一天两天的可以,三五天下来,太子可就受不了了,但是太子也没多想,只以为是自己要第一次出门,所以格外兴奋罢了。
但是,马上就要跟着父皇长见识了,要是有个差错可就坏了,于是就打发人到太医院去问问,有什么药是能让人安睡的。
凡是大夫都很清楚,是药三分毒,再说,给太子用药,那得是小心再小心才行,太医们过来给太子把脉。
让太医把脉,太子自然不能将人带进书房,再说,也没人会想到太子会为了读书而选用药墨,这不是开玩笑嘛,人太子也不考科举。
那药墨又不是什么害人的东西,太医们只是感觉到了太子神经有些兴奋,这少年人对什么事情入迷,产生神经兴奋,这并不是什么稀奇事儿。
再联想到,太子马上要跟着皇上去江南,这也就不难理解了,大家都没当一回事儿,甚至连周皇后听说太子找太医把脉的结果后,也只是打趣儿一句:策儿这要是娶太子妃的时候,可该怎么办啊?

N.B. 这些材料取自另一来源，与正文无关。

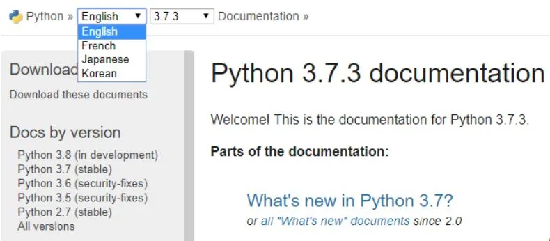 最近很多开发者发现 Python现在已经有官方中文文档了,但直接从 Python 文档界面并看不到。如下在 Python 文档中,只有英语、法语、日语和韩语可选,我们并看不到中文选项。

太医们虽然觉得问题不大,但是,睡眠不好肯定是要影响身体的,几个太医一研究,也别开什么苦药汁子了,就点点儿助眠的熏香就得了。
助眠的熏香,那不用问,自然是无梦最好,这个已经不是什么秘密了,太医院就有存货,直接就给拿了一些。
太子一点上,诶,这效果不错啊,睡了好觉的太子,立即神清气爽了,从这儿开始,太子就离不开这无梦了。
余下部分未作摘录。